Blog Posts

Why a festival in Stoke was a bit like the internet

Arts Professional
3 min read

About nine months I sat, along with some other staff at B arts, in a room with friends from Stoke-based digital and music collective bitjam. We wondered what we could do together – and one half of bitjam volunteered the fact that he’d always wanted to see a digital music and social media festival in Stoke-on-Trent: the last place anyone would particularly expect to see cutting-edge digital work. ‘Ok – we’ll do that’ we said, and started telling people that we’d be doing it. There wasn’t a budget, but we could think about that later.

 

Fast forward nine months and DATfest has just finished a three-day programme involving more than 20 events in venues across the city centre. The festival showed The Social Network with a live Twitterfall, made Lego animation with families, and reprocessed digital debris into live performance. You can have a look at what we did on www.datfest.org.uk. All the events took place and all had audiences (some quite small, but that is festivals).

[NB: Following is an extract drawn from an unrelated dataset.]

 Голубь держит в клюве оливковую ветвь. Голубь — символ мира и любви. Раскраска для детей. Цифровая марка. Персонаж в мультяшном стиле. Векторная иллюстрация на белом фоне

What about that budget? To directly run the festival we had £2500, courtesy of Stoke City Council. But we were able to leverage this into a programming budget of over £20,000. Or rather, though it was all for DATfest; we didn’t hold most of the budget, individual producers did. Our role as co-ordinators became to make a platform and an invitation for producers to think about work they would like to present at the festival. As long as it was in some way digital or involved some sort of social media platform, and they let us know what they were doing, then they could use DATfest as an opportunity and focus for their fund-raising.

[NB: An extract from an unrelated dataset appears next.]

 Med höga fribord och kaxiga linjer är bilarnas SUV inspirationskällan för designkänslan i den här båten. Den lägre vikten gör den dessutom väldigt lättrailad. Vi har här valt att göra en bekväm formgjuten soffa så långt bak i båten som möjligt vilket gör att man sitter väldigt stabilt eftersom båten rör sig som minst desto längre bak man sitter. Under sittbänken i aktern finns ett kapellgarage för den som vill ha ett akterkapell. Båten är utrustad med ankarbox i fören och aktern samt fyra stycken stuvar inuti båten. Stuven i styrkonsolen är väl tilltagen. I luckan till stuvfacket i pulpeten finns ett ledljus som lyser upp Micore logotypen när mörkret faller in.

At a talk at Shift Happens in 2010, Rohan Gunillitake of Festivals Edinburgh described a festival as an event with boundaries in terms of time and space (ie when and where is it); and a social space where people can come together. We were a bit defeated by the latter (a DATcaf next year maybe) but definitely did the first two. Producing DATfest we realised that we’d become a ‘loose festival’ drawing these boundaries, and then letting people who wanted to make and present work get on with doing it. This was much more interesting (and suited to the media we were focusing on – it might not work so well for opera) than being a festival that tightly curated its programme and controlled all the resources for presentation. As Rohan said, we found out that a festival was a bit like the internet.